The rupture caused the pipeline to be shut down for 10 months; a period the insurers argued should not be covered. Lion asserted that all-risk policies it had purchased from 14 different insurance companies should collectively cover the company for its massive business disruption while its refinery was forced to operate at a lower capacity and find alternative sources of crude oil.

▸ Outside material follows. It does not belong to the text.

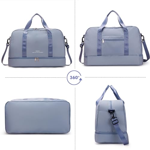 HOT ! Light Sports Travel Duffel Bag with Shoe Compartment, Large Capacity Gym Bag for Women, Weekender Overnight with Wet Pocket for lady Travel, Gym, Yoga(Blue)

During the six day trial, Mr. Greeves reviewed the multiple series of delays created as a consequence of the burst pipe – that ‘domino effect’ stemming directly from the rupture was the source of the company’s substantial business loss, the jurors found. The insurance carriers denying Lion’s claims – principally AIG – had argued that the rupture was not the predominant cause of Lion Oil’s loss, but rather it was the result of an independent decision by Exxon to test the pipeline.
In their verdict, jurors awarded Lion Oil US$60.4 million in income loss that was “dominantly, directly and efficiently caused by damage to EMPCo’s property.” An additional US$11.3 million was given to cover the large amount of expenses incurred by Lion as a direct result of the damaged pipeline.
"We are genuinely pleased but not surprised that the El Dorado jury concluded that Lion Oil's insurers breached their obligations by failing to live up to their all-risk insurance contracts,” Mr. Greeves said.
Pillsbury partner Peter Gillon, head of the firm’s insurance recovery practice who served as trial co-counsel, added: “Proving a company's rights to insurance for damages to a supplier can be challenging, and we are pleased that both the jury and the court understood the way these policies are supposed to work and awarded our client the compensation they were owed.”